## EXERCISE DATA
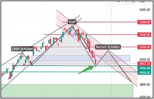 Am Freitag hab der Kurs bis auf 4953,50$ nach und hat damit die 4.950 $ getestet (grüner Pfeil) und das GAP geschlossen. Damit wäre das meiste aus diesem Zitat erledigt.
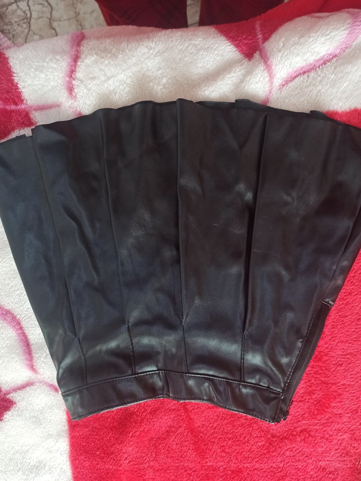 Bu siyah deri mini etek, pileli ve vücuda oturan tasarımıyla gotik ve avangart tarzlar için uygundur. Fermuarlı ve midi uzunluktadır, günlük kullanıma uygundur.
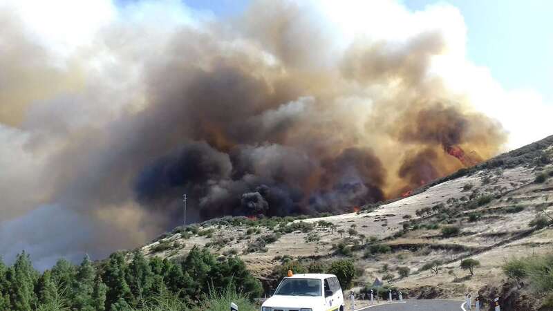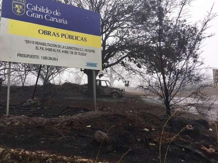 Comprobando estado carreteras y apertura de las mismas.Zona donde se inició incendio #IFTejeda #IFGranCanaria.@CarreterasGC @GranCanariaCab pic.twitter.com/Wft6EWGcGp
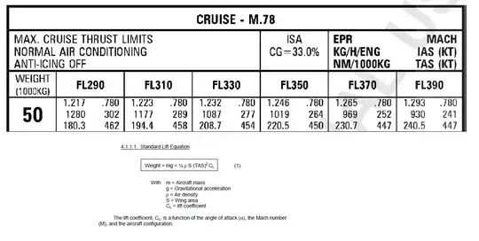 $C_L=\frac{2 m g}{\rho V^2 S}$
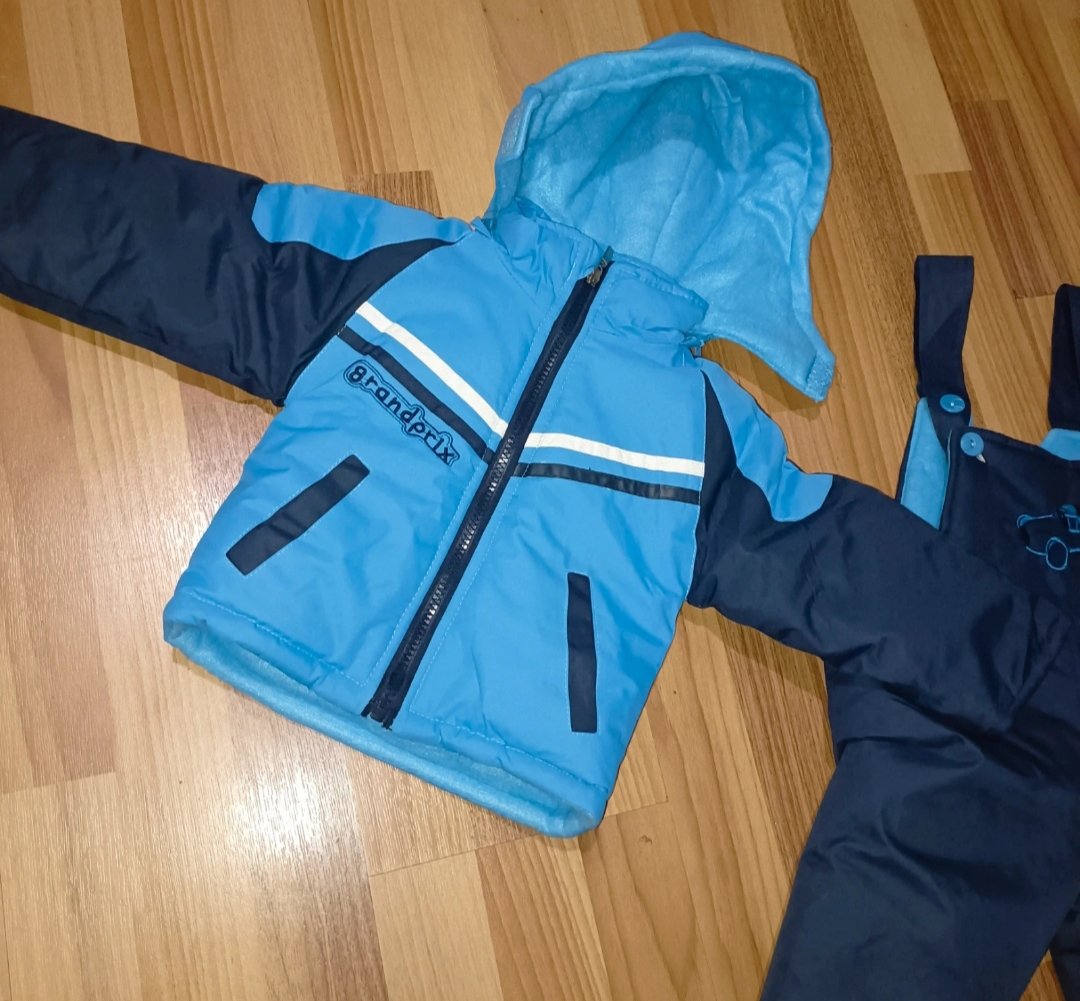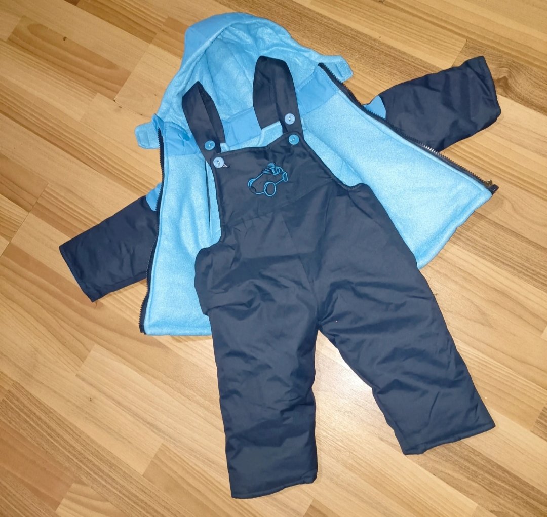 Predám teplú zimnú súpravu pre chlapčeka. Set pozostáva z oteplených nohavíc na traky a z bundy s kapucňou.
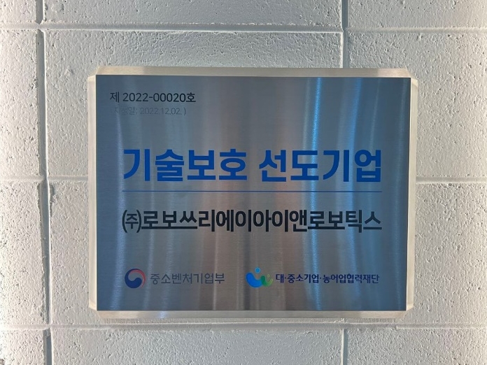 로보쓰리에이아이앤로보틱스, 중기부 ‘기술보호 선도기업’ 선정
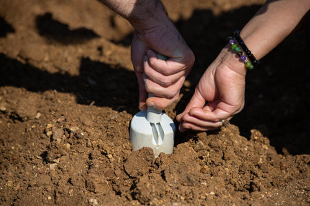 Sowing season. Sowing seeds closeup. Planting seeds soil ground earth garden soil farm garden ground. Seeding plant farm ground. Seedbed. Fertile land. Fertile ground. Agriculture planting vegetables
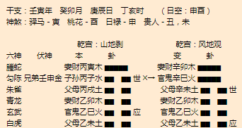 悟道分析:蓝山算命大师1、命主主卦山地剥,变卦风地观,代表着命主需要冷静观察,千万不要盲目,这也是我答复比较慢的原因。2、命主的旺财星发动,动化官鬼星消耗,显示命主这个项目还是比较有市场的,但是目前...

## WHAT IS EXPECTED
Write out again, exactly, each line from the one containing "Sowing season. Sowing" through the last line of the entries, and omit every picture.

## ANSWER FOR THIS EXERCISE
 Sowing season. Sowing seeds closeup. Planting seeds soil ground earth garden soil farm garden ground. Seeding plant farm ground. Seedbed. Fertile land. Fertile ground. Agriculture planting vegetables
 悟道分析:蓝山算命大师1、命主主卦山地剥,变卦风地观,代表着命主需要冷静观察,千万不要盲目,这也是我答复比较慢的原因。2、命主的旺财星发动,动化官鬼星消耗,显示命主这个项目还是比较有市场的,但是目前...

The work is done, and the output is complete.